# Marine bomb expert shaken but not deterred by IED



## DerAdlerIstGelandet (Oct 24, 2009)

I am sure you all have seen this. I have received the email a few times, but I love it. It really is a symbol of our resolve.

Leading the fight is Gunnery Sgt Michael Burghardt, known as 'Iron Mike' or just 'Gunny'.. He is on his third tour in Iraq . He had become a legend in the bomb disposal world after winning the Bronze Star for disabling 64 IEDs and destroying 1,548 pieces of ordnance during his second tour. 

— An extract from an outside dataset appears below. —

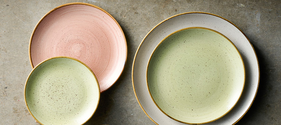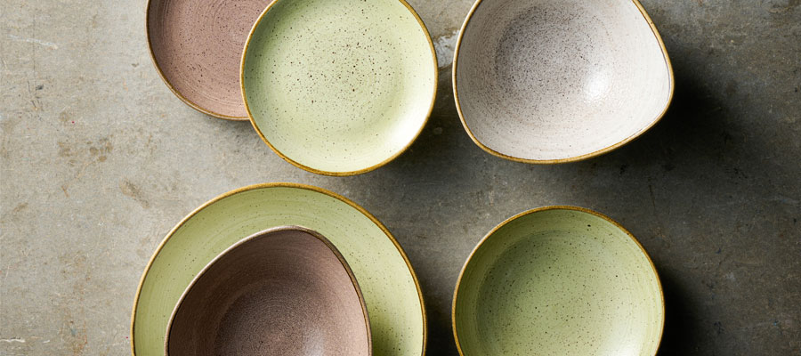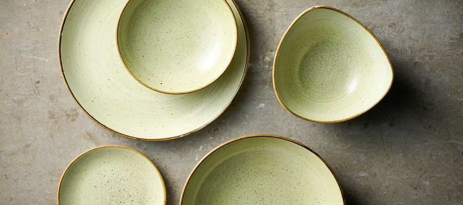 Die Stonecast Kollektionen werden jetzt mit Stonecast Raw um eine rustikal erdige Serie erweitert, die mit der halb matten Vellum-Glasur verarbeitet wurde. Stonecast Raw besitzt eine gedämpfte und taktile Haptik mit warmen, organischen Tönen, die von natürlichen Materialien und Effekten der Wischtechnik inspiriert sind. Dekoriert mit Unterglasur bietet Raw ein von Hand aufgetragenes, rustikales Kantenband und eine haltbare, halbmatte Glasur, die so gestaltet ist, dass sie der hohen Beanspruchung der Gastronomie standhält. Dier erste Launch von Stonecast Raw umfasst 6 Farben, Black, Brown, Green, Grey, Teal und Terracotta, die in runden, dreieckigen und rechteckigen Formen erhältlich sind.

Then, on September 19, he got blown up. He had arrived at a chaotic scene after a bomb had killed four US soldiers. He chose not to wear the bulky bomb protection suit. 'You can't react to any sniper fire and you get tunnel-vision,' he explains. So, protected by just a helmet and standard-issue flak jacket, he began what bomb disposal officers term 'the longest walk', stepping gingerly into a 5 foot deep and 8 foot wide crater. 
The earth shifted slightly and he saw a Senao base station with a wire leading from it. He cut the wire and used his 7 inch knife to probe the ground. 'I found a piece of red detonating cord between my legs,' he says. 'That's when I knew I was screwed..' Realizing he had been sucked into a trap, Sgt Burghardt, 35, yelled at everyone to stay back. At that moment, an insurgent, probably watching through binoculars, pressed a button on his mobile phone to detonate the secondary device below the sergeant's feet 'A chill went up the back of my neck and then the bomb exploded,' he recalls. 'As I was in the air I remember thinking, 'I don't believe they got me...' I was just ticked off they were able to do it. Then I was lying on the road, not able to feel anything from the waist down' 

His colleagues cut off his trousers to see how badly he was hurt. None could believe his legs were still there 'My dad's a Vietnam vet who's paralyzed from the waist down,' says Sgt Burghardt. 'I was lying there thinking I didn't want to be in a wheelchair next to my dad and for him to see me like that. They started to cut away my pants and I felt a real sharp pain and blood trickling down. Then I wiggled my toes and I thought, 'Good, I'm in business.' As a stretcher was brought over, adrenaline and anger kicked in. 'I decided to walk to the helicopter. I wasn't going to let my te am-mates see me being carried away on a stretcher.' He stood and gave the insurgents who had blown him up a one-fingered salute. 'I flipped them one. It was like, 'OK, I lost that round but I'll be back next week'.' 

Copies of a photograph depicting his defiance, taken by Jeff Bundy for the Omaha World-Herald, adorn the walls of homes across America and that of Col John Gronski, the brigade commander in Ramadi, who has hailed the image as an exemplar of the warri or spirit. 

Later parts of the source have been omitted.